Reality Reflection fuels VR ambitions with ICO
The company was founded in 2015 by Roh Jung-seok, a serial entrepreneur, and Son Woo-ram, a 3-D imaging expert. Both bet on virtual reality becoming the next big technological phenomenon.
Roh, 42, is the chief strategy officer, and Son, 33, is chief executive, a rare combination in age-conscious corporate Korea. The duo has recently been developing an augmented reality game called Mossland and raising funds to continue development of the title through an initial coin offering (ICO), the cryptocurrency equivalent of an initial public offering on the stock market.
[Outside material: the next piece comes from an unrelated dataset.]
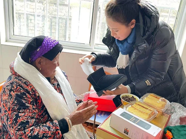 格西王姆给老人送上新衣物(图片:受访者提供)

On Jan. 29, the start-up successfully sold 25 million of its own Mosscoins in a pre-ICO that ended in less than 40 minutes. About 10 percent of the buyers were from outside Korea, and Roh hopes that number will rise when the main sale begins on March 12 at 1 p.m. UTC (10 p.m. Korea time). The company plans to run the ICO for four weeks, in total selling 500 million Mosscoins.
“Korea is a hotbed for blockchain, and the world is watching the country,” he said.
Blockchain is the technology that underlies cryptocurrencies, and Reality Reflection is using technology from the ethereum network for its ICO. Many other companies have done so recently due to the relative security of the ethereum network, which runs the second-most popular cryptocurrency in the world. The price of 10,000 Mosscoins is equivalent to one Ether.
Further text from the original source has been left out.